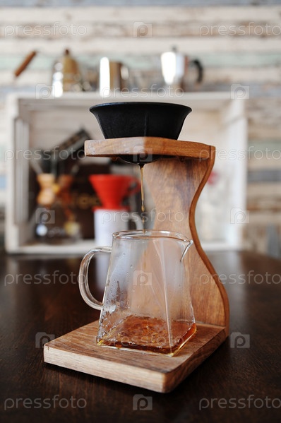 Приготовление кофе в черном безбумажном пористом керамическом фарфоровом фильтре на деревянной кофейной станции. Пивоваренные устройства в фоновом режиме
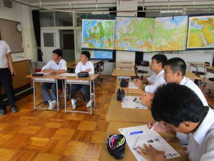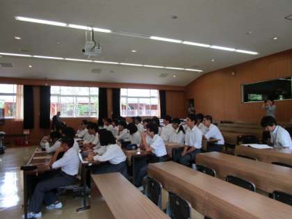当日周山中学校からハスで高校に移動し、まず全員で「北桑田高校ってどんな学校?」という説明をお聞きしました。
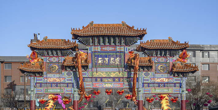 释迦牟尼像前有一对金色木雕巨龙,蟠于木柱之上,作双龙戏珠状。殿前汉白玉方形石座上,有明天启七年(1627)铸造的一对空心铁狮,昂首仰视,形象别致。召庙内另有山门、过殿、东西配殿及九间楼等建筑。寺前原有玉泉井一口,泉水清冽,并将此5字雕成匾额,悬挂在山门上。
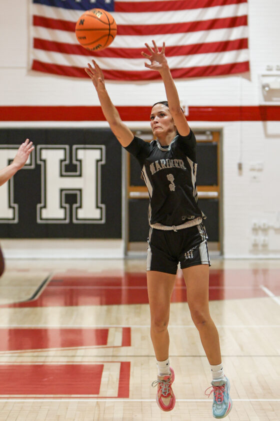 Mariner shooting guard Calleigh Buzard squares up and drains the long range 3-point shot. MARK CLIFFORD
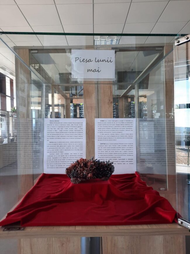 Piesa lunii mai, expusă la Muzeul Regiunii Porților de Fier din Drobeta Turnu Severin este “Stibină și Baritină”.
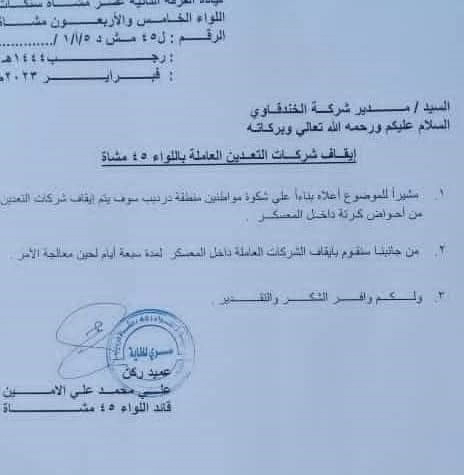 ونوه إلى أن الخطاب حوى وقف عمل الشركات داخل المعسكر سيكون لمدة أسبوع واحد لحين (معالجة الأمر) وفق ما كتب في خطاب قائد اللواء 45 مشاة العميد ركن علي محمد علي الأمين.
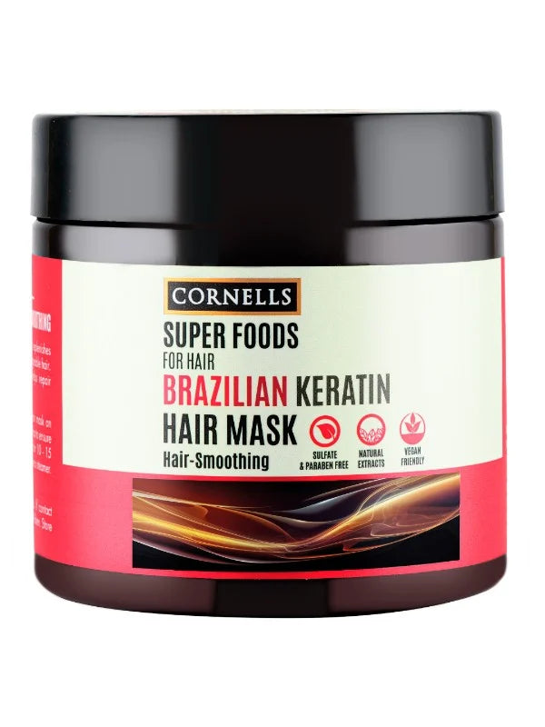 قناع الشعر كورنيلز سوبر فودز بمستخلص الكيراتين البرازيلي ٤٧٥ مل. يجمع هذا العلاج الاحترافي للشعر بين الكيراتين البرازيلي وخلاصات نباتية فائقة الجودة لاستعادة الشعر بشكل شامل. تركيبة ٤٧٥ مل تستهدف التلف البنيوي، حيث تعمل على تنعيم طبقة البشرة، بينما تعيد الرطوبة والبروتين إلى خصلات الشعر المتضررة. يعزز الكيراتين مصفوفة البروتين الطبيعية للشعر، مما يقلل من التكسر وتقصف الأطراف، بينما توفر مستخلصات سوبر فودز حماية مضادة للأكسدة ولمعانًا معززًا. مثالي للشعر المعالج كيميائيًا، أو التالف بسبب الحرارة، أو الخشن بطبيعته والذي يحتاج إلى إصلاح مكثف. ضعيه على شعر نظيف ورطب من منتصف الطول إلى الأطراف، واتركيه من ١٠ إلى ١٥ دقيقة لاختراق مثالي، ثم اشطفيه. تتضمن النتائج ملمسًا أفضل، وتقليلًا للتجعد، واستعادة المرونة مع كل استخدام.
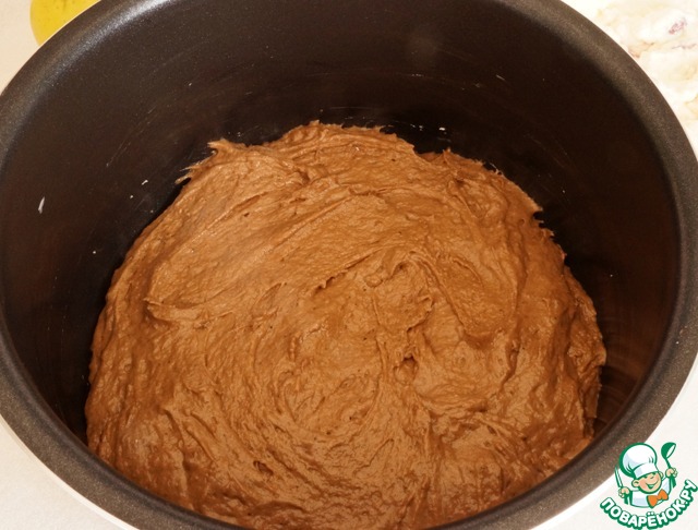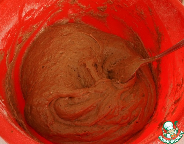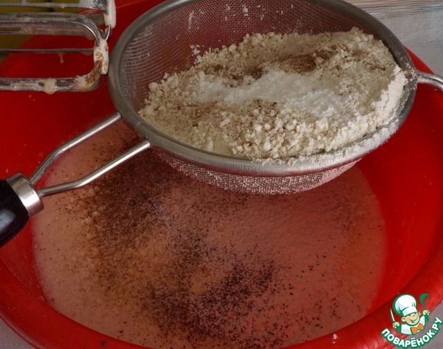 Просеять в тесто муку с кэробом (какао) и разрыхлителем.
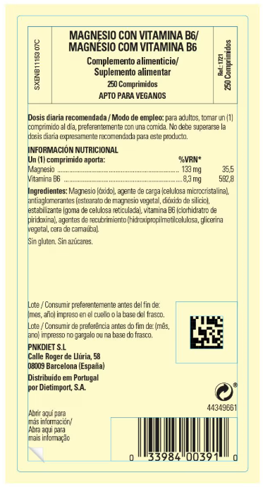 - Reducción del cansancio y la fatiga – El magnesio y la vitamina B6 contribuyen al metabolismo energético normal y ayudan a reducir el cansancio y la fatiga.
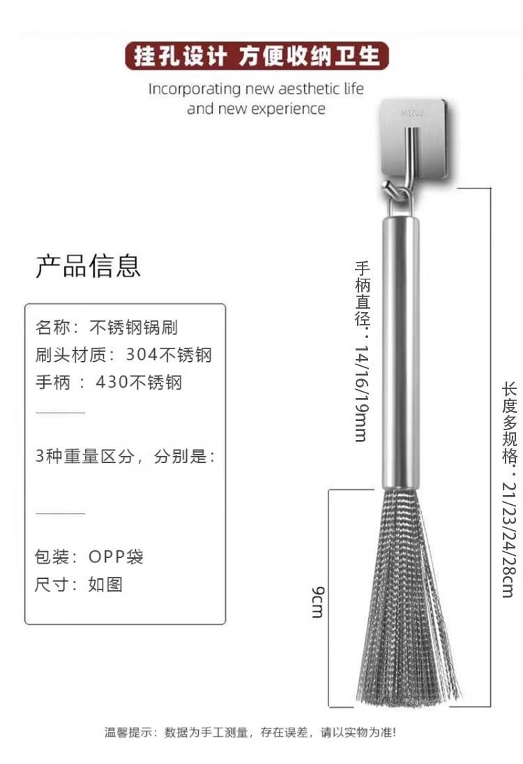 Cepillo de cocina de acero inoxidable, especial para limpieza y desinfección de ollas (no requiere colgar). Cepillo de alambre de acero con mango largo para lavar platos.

==

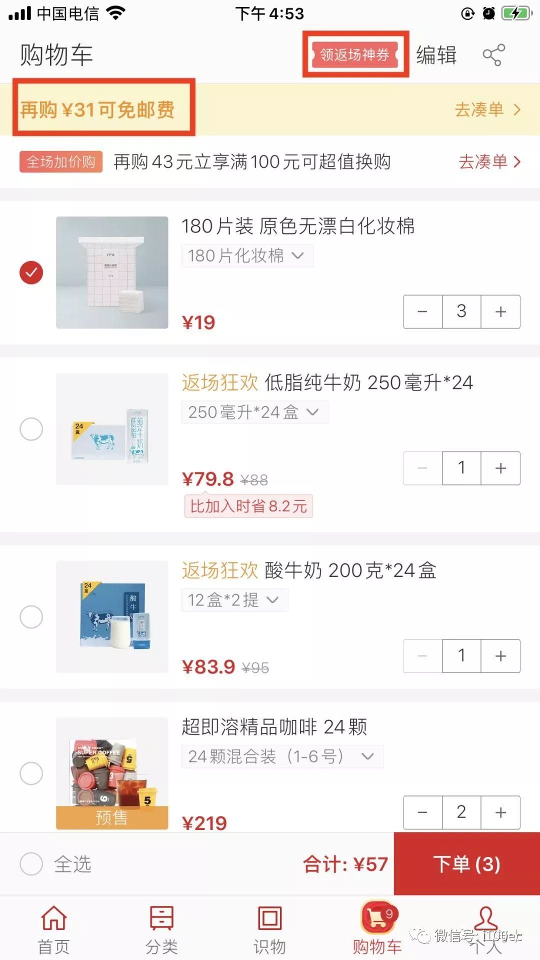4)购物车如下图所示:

Work required.
When you reach the line with "当日周山中学校からハスで高校" in the records above, start writing out each line exactly, and stop after the line with "Mariner shooting guard". Pictures stay out.

Answer box.
当日周山中学校からハスで高校に移動し、まず全員で「北桑田高校ってどんな学校?」という説明をお聞きしました。
 释迦牟尼像前有一对金色木雕巨龙,蟠于木柱之上,作双龙戏珠状。殿前汉白玉方形石座上,有明天启七年(1627)铸造的一对空心铁狮,昂首仰视,形象别致。召庙内另有山门、过殿、东西配殿及九间楼等建筑。寺前原有玉泉井一口,泉水清冽,并将此5字雕成匾额,悬挂在山门上。
 Mariner shooting guard Calleigh Buzard squares up and drains the long range 3-point shot. MARK CLIFFORD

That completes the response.